Beim Diskuswerfen fanden ca. 5 kg schwere Scheiben aus Bronze, Eisen, Blei
oder auch Stein Verwendung. Die Weitspringer nutzten Sprunggewichte in jeder
Hand. Der Sprung erfolgte wahrscheinlich in fünf aufeinander folgenden
Sätzen aus dem Stand. Die Technik des Speerwurfs unterscheidet sich von
der modernen Sportart dadurch, dass der antike Athlet das Wurfgeschoss unter
Nutzung einer Lederriemenschlaufe in die Weite katapultierte. Die Disziplin
des Laufens wurde wahrscheinlich über die Distanz eines Stadions ausgetragen.
Das Ringen im Rahmen des Fünfkampfs unterschied sich vom Einzelwettbewerb
durch die Statur der Mehrkämpfer, die gewiss nicht so schwergewichtig
waren wie die Spezialisten.
Der Fünfkampf wurde wohl in der Reihenfolge der hier erfolgten Darstellung
bestritten. Der Sieger wurde wahrscheinlich nicht nach einem Punktesystem
– wie es für heutige Mehrkampfsportarten üblich ist –
ermittelt, sondern in einem fortgesetzten Ausscheidungsverfahren.

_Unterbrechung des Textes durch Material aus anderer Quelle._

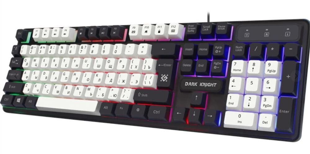 Клавиатура DEFENDER (45078) Dark Knight GK-077 RU,бел-черн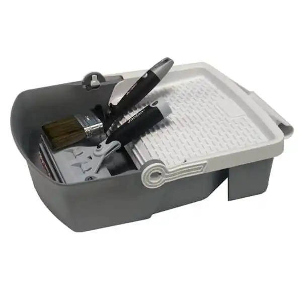 Jordan superbrett er et superpraktisk maleverktøy som har stabiliteten til malerullkar og litt av kapasiteten til malerbøtte så du slipper å fylle på så ofte. Det er også en lengre og spesialutviklet rulleflate, som gjør at du får bedre opptak av maling i malerullen. Den passer til alle maleruller opp til 25 cm bredde.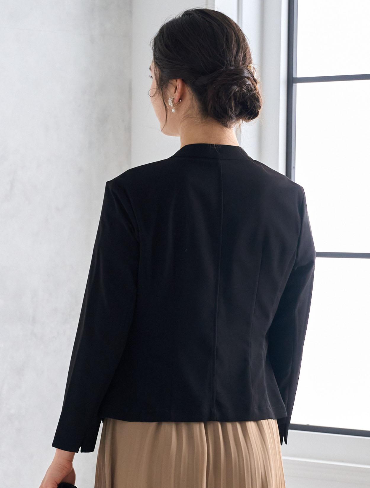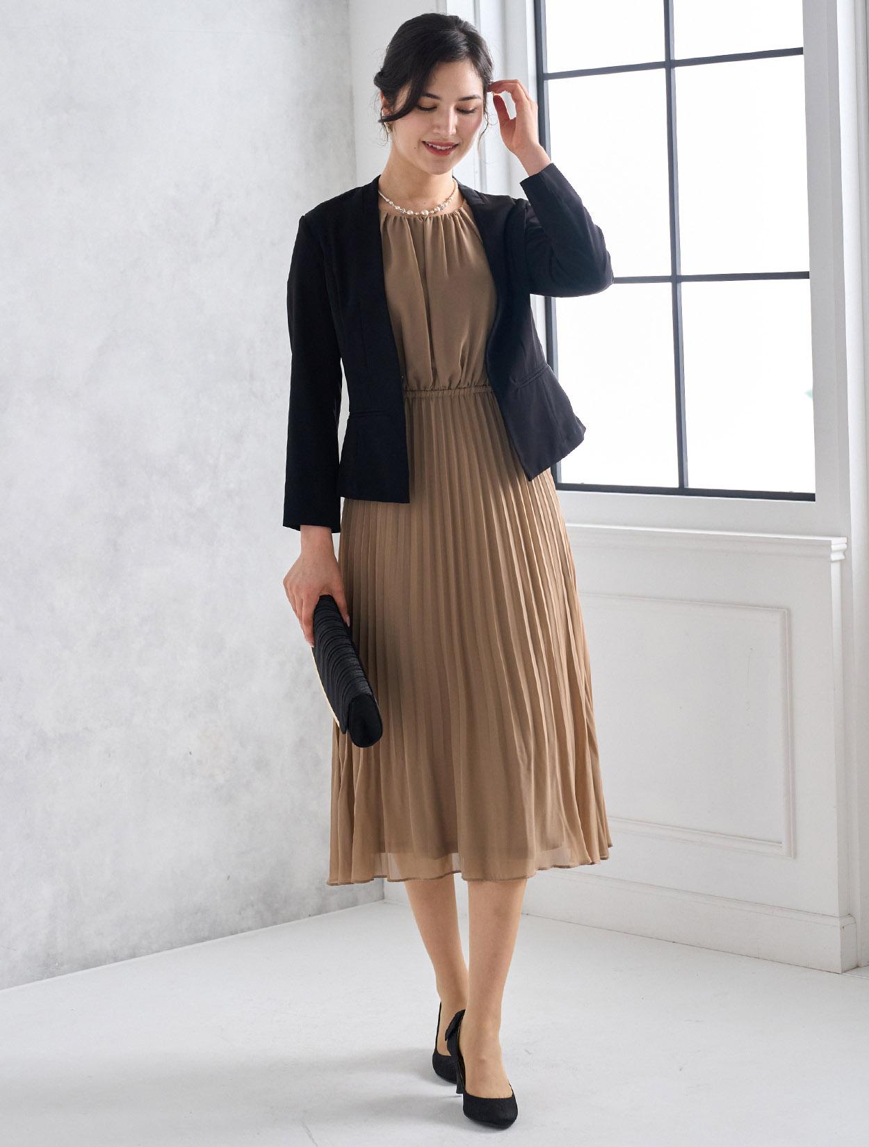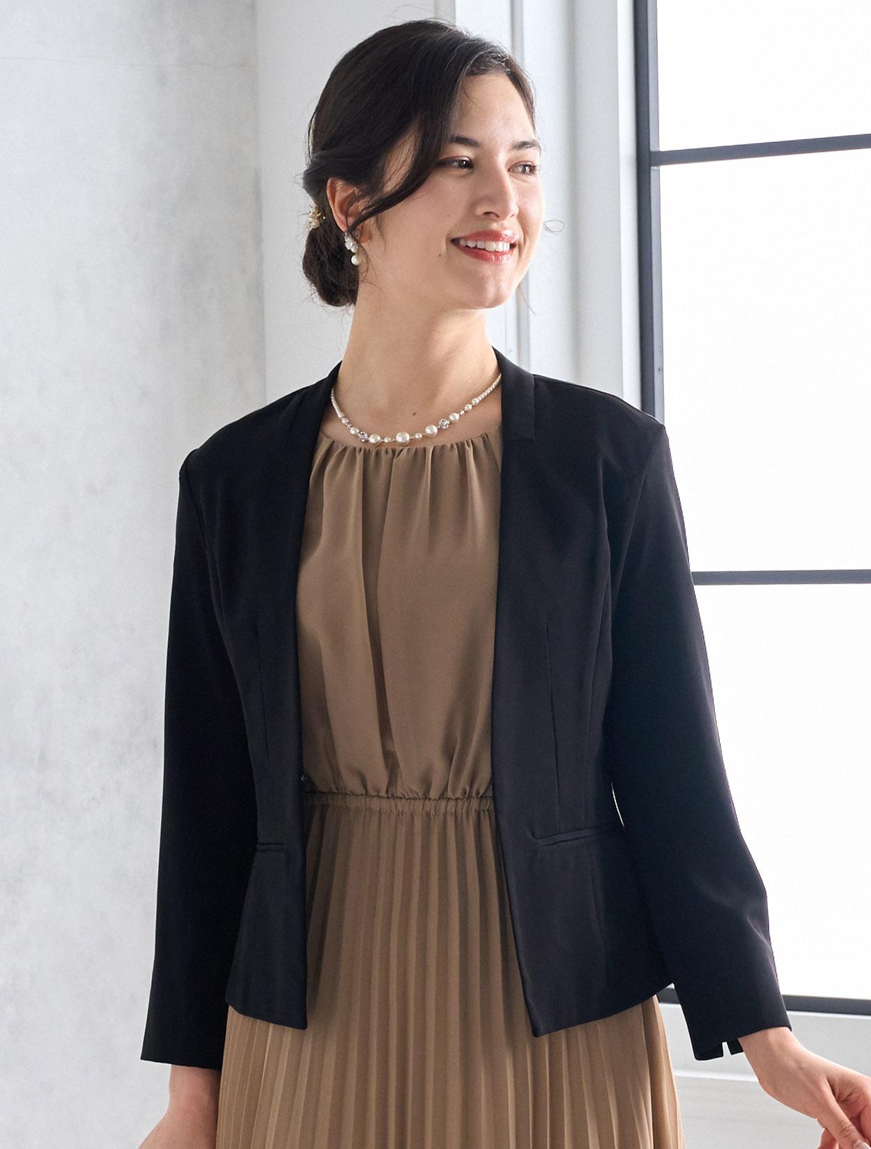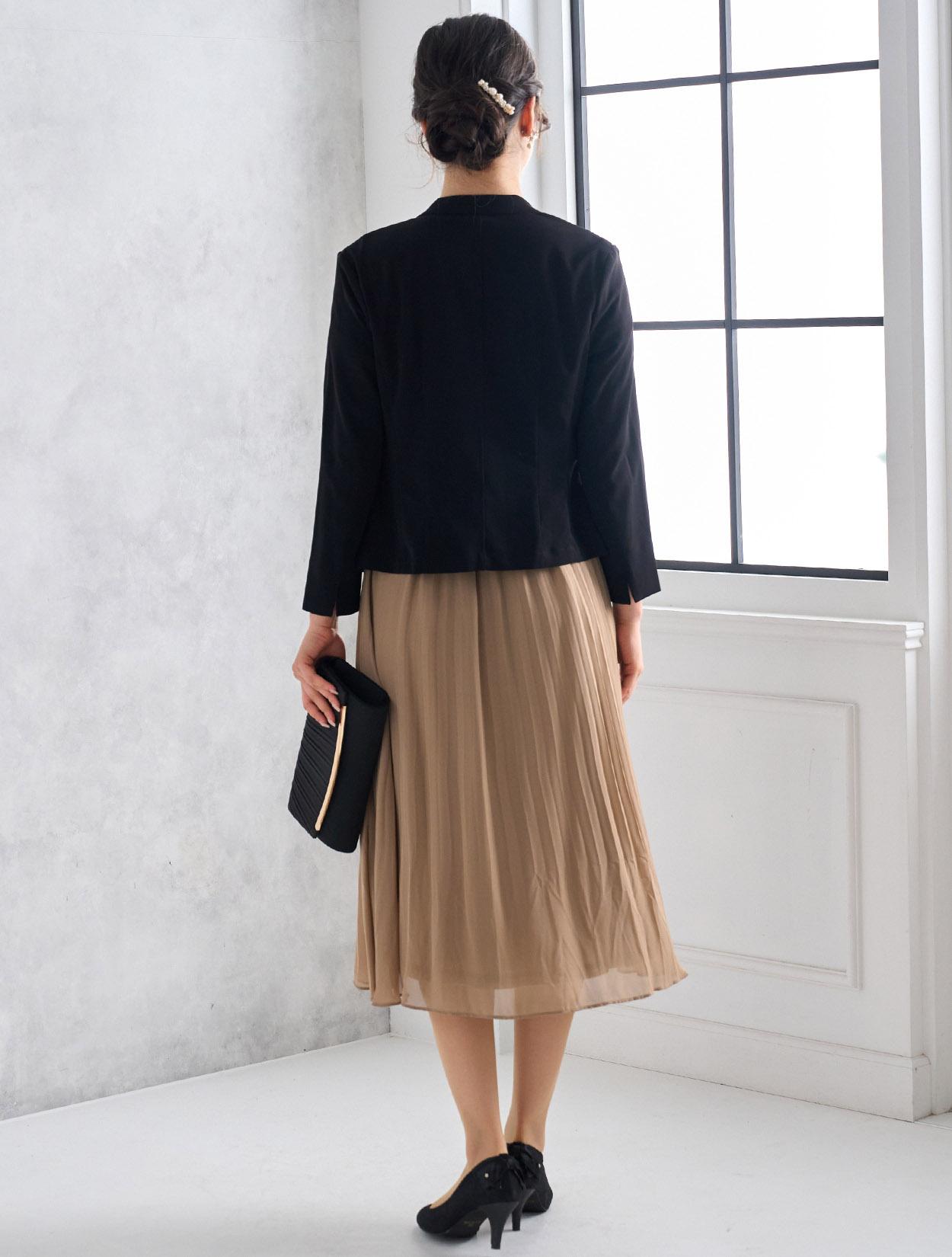 ブラックのジャケットを合わせたメリハリときちんと感のあるコーディネート。着丈が長めのジャケットは落ち着いて見えるので、ご親族にもおすすめのドレスコーデです。
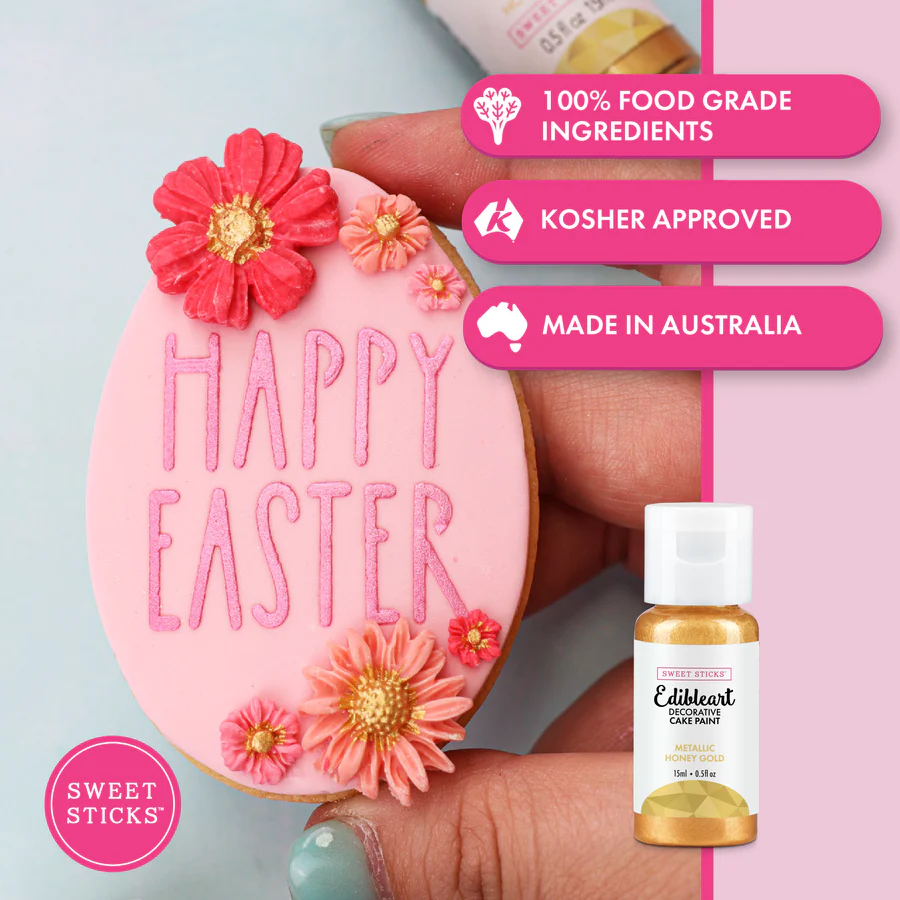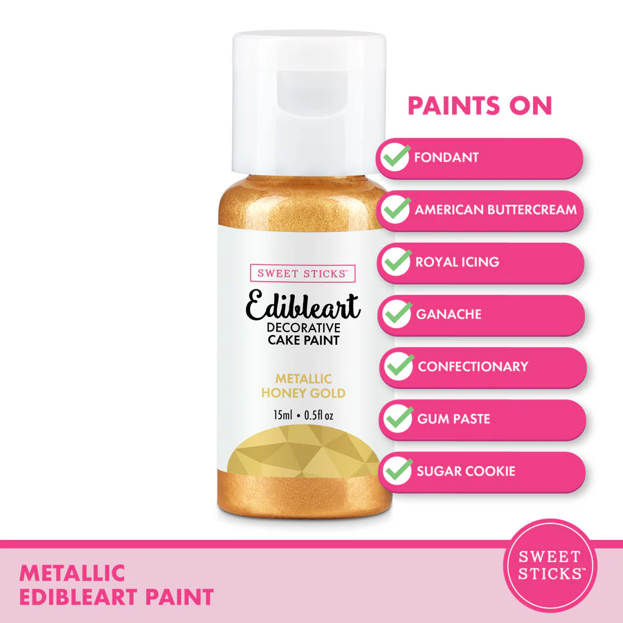 Side note: Our metallic paint works on some royal icing recipes but not on all therefore we do not recommend painting on royal icing. If you have success please share your recipes for others to enjoy.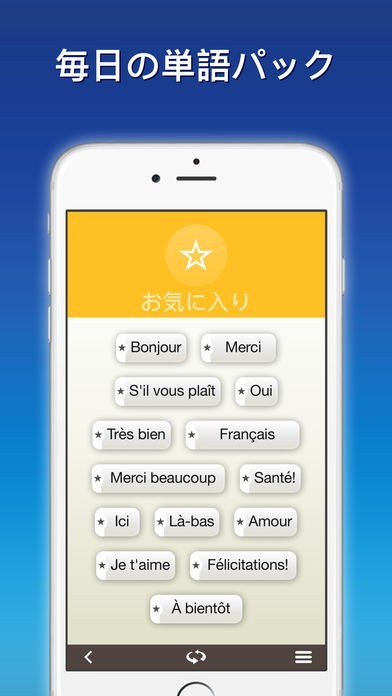 「Nemo フランス語」は、自分のペースに合わせてしっかり学べるフランス語専用学習アプリです。 単語と熟語を多数収録。日常生活で利用頻度の高い言葉はもちろん、旅行の際に便利なフレーズも収録されているのが嬉しいポイント。 すべての単語と熟語には、ネイティブによる読み上げ音声を収録しています。 録音機能を搭載しており、マイクボタンをタップすることで自分の声を録音可能。 続いて再生されるネイティブの発音と聴き比べることで、正確なアクセントを覚えられるようになっています。

Auf der unten abgebildeten Amphore sind 3 der 5 Disziplinen des Fünfkampfs
zu sehen (von links nach rechts): Diskuswurf, Speerwurf, Weitsprung. Die Amphore
war der Preis für den Sieger im Fünfkampf bei den panathenäischen
Wettspielen (kurz vor 500 v. Chr.)
Wettbewerbe der Trompeter und Herolde: Nichts mit unserem
heutigen Sportverständnis gemein hatten die seit 396 v. Chr. durchgeführten
Wettbewerbe der Trompeter und Herolde. Unbekannt ist, auf welche Weise diese
Wettkämpfe entschieden worden sind.
Hippische Disziplinen
Eine Attraktion
der Olympischen Spiele waren die hippischen Wettbewerbe. Die älteste
Pferdesportdisziplin Olympias soll das 680 v. Chr. eingeführte vierspännige
Wagenrennen gewesen sein; manche Forscher halten es jedoch für wahrscheinlicher,
dass das Rennen mit dem traditionelle Zweigespann (laut Überlieferung
erst seit 408 v. Chr.) früher eingeführt worden ist. 648 v. Chr.
soll dann das erste Pferderennen ausgetragen worden sein. Über die Jahrhundert
wurde das olympische Programm um eine Reihe von hippischen Wettbewerben erweitert:
Zweigespann von Maultieren, Stutenrennen, Viergespann von Fohlen, Zweigespann
von Fohlen, Fohlenrennen. Schon diese Programmausdehnung ist ein Indiz für
die außerordentliche Beliebtheit des Pferdesports bei Publikum und Teilnehmern.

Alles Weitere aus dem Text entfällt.